O coletivo musical anteriormente conhecido como New Power Generation (NPG) que serviu como Príncipe’A banda de apoio de 1990 a 2013 e há muito tempo afiliada ao artista icônico está mudando seu nome para Minneapolis Sound All Star Band.
A mudança está acontecendo porque a capacidade do NPG de usar o nome da marca expirou e a Global Music Rights, a organização de direitos autorais que administra as músicas de Prince, não permite mais atos de tributo para executar conjuntos de seu material (embora o NPG se considere um “grupo legado”). Mas o grupo vê a mudança como uma oportunidade para focar em novas músicas, que planejam lançar este ano.
“Isso nos permite evoluir e expandir”, diz tecladista do NPG Morris Hayesque também atuou como diretor musical de Prince. “Parece que as comportas se abriram e há infinitas possibilidades diante de nós. A mudança de nome estava definitivamente atrasada. É muito libertador.”

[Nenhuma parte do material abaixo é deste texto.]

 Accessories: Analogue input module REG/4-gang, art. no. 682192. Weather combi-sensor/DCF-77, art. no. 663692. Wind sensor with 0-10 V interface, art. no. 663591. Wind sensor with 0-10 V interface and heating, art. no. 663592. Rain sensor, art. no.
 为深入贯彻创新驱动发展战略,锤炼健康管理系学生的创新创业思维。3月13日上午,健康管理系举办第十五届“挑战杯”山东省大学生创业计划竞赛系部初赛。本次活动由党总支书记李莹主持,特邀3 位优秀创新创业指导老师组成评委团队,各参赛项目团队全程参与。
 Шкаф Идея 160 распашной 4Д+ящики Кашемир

Após a morte de Prince em 2016, os membros do coletivo adquiriram uma licença de cinco anos em 2017 para continuar usando o nome do Bremer Bank, que inicialmente administrava o patrimônio de Prince. A banda tentou estender a licença com o Comerica Bank, que então administrava o espólio, e com os atuais administradores, mas “os novos proprietários também transmitiram à banda que o espólio não iria mais licenciar o nome da marca assim que o prazo do contrato atual expirasse”, diz Jill Willisque administra a LLC que inclui vários membros da antiga New Power Generation, incluindo Hayes, o rapper/guitarrista Tony Mosley e o baixista Sonny Thompson e tinha licença para usar o nome da marca registrada. Willis também trabalhou com Prince, inclusive gerenciando-o de 1990-1993.
Desde 2022, o patrimônio de Prince é controlado igualmente por duas empresas: Prince Legacy LLC, que pertence a três meio-irmãos de Prince, juntamente com os conselheiros L. Londell McMillan e Charles Spicer; e Prince Oat Holdings LLC, que pertence à editora musical Primary Wave, que adquiriu as participações dos outros três meio-irmãos de Prince. Nenhum dos dois respondeu a um pedido de comentário.

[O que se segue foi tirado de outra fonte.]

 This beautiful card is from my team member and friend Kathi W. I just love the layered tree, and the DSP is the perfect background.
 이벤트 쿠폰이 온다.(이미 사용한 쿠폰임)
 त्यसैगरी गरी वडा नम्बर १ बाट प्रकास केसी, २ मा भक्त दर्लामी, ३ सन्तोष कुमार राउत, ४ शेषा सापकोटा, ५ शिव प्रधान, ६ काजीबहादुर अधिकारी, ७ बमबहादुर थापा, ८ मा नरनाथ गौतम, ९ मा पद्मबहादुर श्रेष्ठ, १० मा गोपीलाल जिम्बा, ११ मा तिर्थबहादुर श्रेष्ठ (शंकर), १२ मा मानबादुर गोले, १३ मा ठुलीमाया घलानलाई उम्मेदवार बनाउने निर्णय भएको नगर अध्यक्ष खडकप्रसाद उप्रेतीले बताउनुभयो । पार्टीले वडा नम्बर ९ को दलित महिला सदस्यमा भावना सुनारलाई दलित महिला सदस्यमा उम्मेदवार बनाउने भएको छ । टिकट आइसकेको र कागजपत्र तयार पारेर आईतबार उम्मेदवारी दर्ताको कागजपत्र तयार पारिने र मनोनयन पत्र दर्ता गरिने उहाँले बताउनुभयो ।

A banda deixou de usar o nome de marca registrada em 2022, mas continuou a tocar a música de Prince e frequentemente se autodenominava The Music of Prince, apresentando ex-membros da New Power Generation.
Além disso, o NPG continuou a usar o nome com a permissão do espólio de Prince quando se apresentava em conjunto com ou para o espólio, como a celebração anual de quatro dias de Paisley Park ou em um jogo do Minnesota Timberwolves em dezembro.

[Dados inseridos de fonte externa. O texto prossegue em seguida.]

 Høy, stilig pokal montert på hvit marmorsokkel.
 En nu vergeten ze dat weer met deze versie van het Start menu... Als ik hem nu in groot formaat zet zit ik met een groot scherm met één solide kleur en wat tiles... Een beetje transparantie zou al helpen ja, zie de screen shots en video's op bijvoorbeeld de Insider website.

Criar um novo nome foi “um tanto assustador”, diz Hayes, “considerando como nos chamamos e que nos conecta a Prince, a cidade e o som que ele e outros criaram nos anos 80. Nosso empresário vinha mexendo nesse nome de vez em quando há alguns anos e todos nós nos reunimos nele no final. Sabíamos que queríamos algo que descrevesse perfeitamente nosso som e quem [and] o que somos. Somos uma parte definitiva da tapeçaria musical criada por Prince e queremos fazer parte da alma do som das Cidades Gêmeas.”
Willis diz que a Minneapolis Sound All Star Band ainda pode tocar algumas músicas do Prince em seus sets, mas essas músicas não serão o foco, visto que os membros da banda, separados e juntos, têm escrito novas músicas nos últimos anos. A nova música inclui uma canção baseada nos “trágicos eventos que aconteceram recentemente em Minneapolis”, acrescenta Hayes, referindo-se aos assassinatos de Renee Good e Alex Pretti pelo ICE.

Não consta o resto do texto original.